Correctly or incorrectly, I always thought that which particle you use depends on which semantic meaning you intend, but the particles don’t carry semantic meaning themselves. (An admittedly meaningless distinction.). I think it similar to word ordering sometimes in English.
I guess it comes down to English not having anything like Japanese particles. We use different words to clarify whether we are walking “through” a park “using” a park (whatever that means) or whatever. Japanese particles seem to act like placeholders for different concepts (that we’d use different words for in English).
One other point since you brought it up: I know intellectually that から and まで are also grammatically the same, but I’ve always struggled to think of them that way. It’s now clear to me that my difficulty is because these so clearly have a semantic meaning.
Anyway, I can understand saying that を in 公園を歩く performs the same function as the word “through” in “walk through the park.” But it still seems like a weird way to think about it to me.
I think also Japanese grammar cares about different things. Whether the person in 公園を歩く is walking in, across, or through the park simply doesn’t matter from a native speaker’s perspective. If it did, there would be other context explaining that they enjoy walking through the park on the way to work, or that they wander in the park with their dog, or whatever.
This can’t be true, because if the particle carried no semantic meaning there would be no need to choose which one you use depending on what meaning you wanted to convey. We could use a single particle for all jobs, or none at all. It’s exactly because there is a meaning to each particle that you need to use the right one for the meaning you want to express.
It’s not so much that it doesn’t matter, I think, it’s that Japanese is much, much more comfortable with ambiguity and implication. The most obvious example being the relative rarity of an explicit grammatical subject.
I’ve spent a good part of the past year trying (and mostly failing) to read, understand, and translate 川柳. The authors use this ambiguity to humorous effect fairly often, making translation quite difficult. This is what captured my interest in this thread to begin with.
That’s a good reference, but I would still consider it less definitive than resources written in Japanese for Japanese.
I realize I’m guilty of EXACTLY the same thing in this very thread, but sometimes trying to fit English concepts to Japanese makes things unnecessarily complex – they are fundamentally dissimilar languages. [This English definition does seems to jibe pretty closely to the Japanese definition that @Leebo provided, though.]
Sadly, I still mostly “think in English,” but I am “thinking in Japanese” more and more these days.
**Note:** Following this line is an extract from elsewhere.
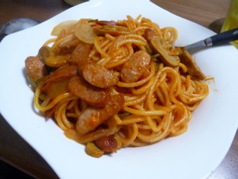 (スパゲティ、チョリソー、玉ねぎ、ピーマン、マッシュルーム、ケチャップ、バター、調味料...)

Whenever I come across friction points that prevent the latter (as in this thread) I try to explore them more deeply to better understand my difficulty.
I mean even in english if I said “I walked through the park” it’s ambiguous. I could have taken a trail near the outer perimeter, I could have cut straight through it in one line, I could have taken a winding trail around the middle, or I could have gone back and forth searching for something.
My Minna no Nihongo workbook simplifies the three main uses of を as 動作の対象, 経路, and 起点. I still struggle sometimes with determining what exactly constitutes a starting point or passing through, as opposed to just an action taking place in a location, but I find it a bit easier to remember it with these simpler terms rather than full definitions.
I think you meant 渡った. But yes, で as method marker is a different で, so the rule of thumb in this discussion that で is unnatural in most cases doesn’t really apply to it.
By which he meant “I follow the rules,” specifically “I stay faithful.” Though the idiom probably derives from the idea of walking along a physical line, that’s not what the song is about. To an American “walk the (physical) line” sounds odd.